→ **Task instructions**: Print every line below exactly as written, but leave the pictures behind.

→ **Dataset excerpt**:

+---+

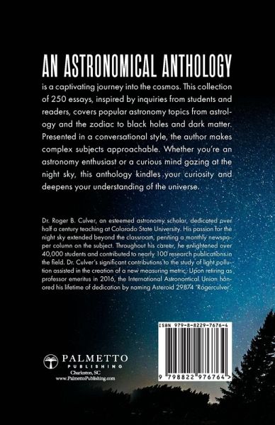 Uncover the Cosmos: Exploring the Enigmas of the Universe. From Black Hole Mysteries to the Signs of the Zodiac - A Casual Chat on Exciting Astronomical Topics. Engage with the Stars and Beyond. Delve into the fascinating world of popular astronomy with An Astronomical Anthology. This engaging compilation comprises nearly 250 essays, each one a unique exploration of various topics in the cosmos. The content is not dictated by rigid textbook standards but is rather inspired by the inquisitive minds of students, readers, and even casual conversations at social gatherings. The author has expertly curated a collection that spans a wide range of themes - from the mythologies behind the signs of the zodiac to the profound mysteries of black holes and dark matter. Each essay is crafted as a concise response to intriguing questions, making this anthology the perfect companion for anyone with a curiosity for the universe. Far from being a dry lecture, the author presents this material in a conversational tone, making each topic approachable and engaging. The relaxed style transforms complex astronomical concepts into accessible explanations, inviting readers into an easy dialogue with the cosmos. This book is an open invitation to anyone who has ever looked up at the night sky with wonder and yearned for a deeper understanding. In An Astronomical Anthology, you'll find answers to many of the questions you've always had, and you'll discover new questions that you never knew to ask. It's a journey through the cosmos, one casual conversation at a time. Whether you're a student, an avid reader of astronomy columns, or simply someone with an interest in the stars, this anthology is sure to ignite your curiosity and deepen your understanding of the universe. Your exploration of the cosmos begins here, in the pages of An Astronomical Anthology. Experience the universe in a most unique way, one essay at a time.
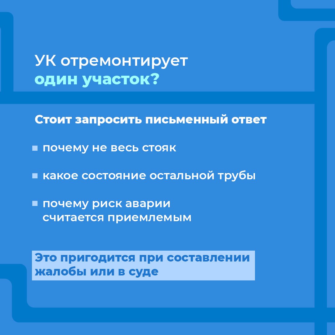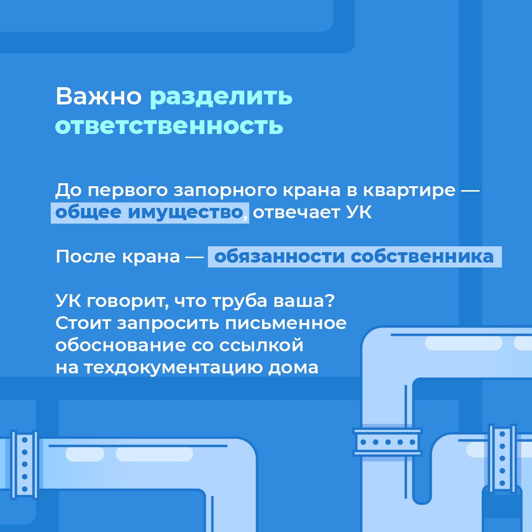 На практике добиться замены бывает непросто. УК ссылается на капремонт, соседи не пускают рабочих, а границу ответственности сложно определить.
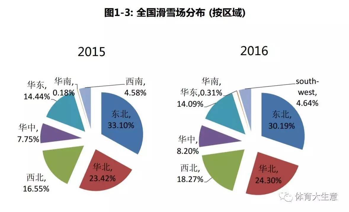 ▼虽然非北方雪场的数量在增加,但因为北方受冰雪产业利好影响较大,北方雪场占比在2016年有提升

+---+

→ **Response**:
 Uncover the Cosmos: Exploring the Enigmas of the Universe. From Black Hole Mysteries to the Signs of the Zodiac - A Casual Chat on Exciting Astronomical Topics. Engage with the Stars and Beyond. Delve into the fascinating world of popular astronomy with An Astronomical Anthology. This engaging compilation comprises nearly 250 essays, each one a unique exploration of various topics in the cosmos. The content is not dictated by rigid textbook standards but is rather inspired by the inquisitive minds of students, readers, and even casual conversations at social gatherings. The author has expertly curated a collection that spans a wide range of themes - from the mythologies behind the signs of the zodiac to the profound mysteries of black holes and dark matter. Each essay is crafted as a concise response to intriguing questions, making this anthology the perfect companion for anyone with a curiosity for the universe. Far from being a dry lecture, the author presents this material in a conversational tone, making each topic approachable and engaging. The relaxed style transforms complex astronomical concepts into accessible explanations, inviting readers into an easy dialogue with the cosmos. This book is an open invitation to anyone who has ever looked up at the night sky with wonder and yearned for a deeper understanding. In An Astronomical Anthology, you'll find answers to many of the questions you've always had, and you'll discover new questions that you never knew to ask. It's a journey through the cosmos, one casual conversation at a time. Whether you're a student, an avid reader of astronomy columns, or simply someone with an interest in the stars, this anthology is sure to ignite your curiosity and deepen your understanding of the universe. Your exploration of the cosmos begins here, in the pages of An Astronomical Anthology. Experience the universe in a most unique way, one essay at a time.
 На практике добиться замены бывает непросто. УК ссылается на капремонт, соседи не пускают рабочих, а границу ответственности сложно определить.
 ▼虽然非北方雪场的数量在增加,但因为北方受冰雪产业利好影响较大,北方雪场占比在2016年有提升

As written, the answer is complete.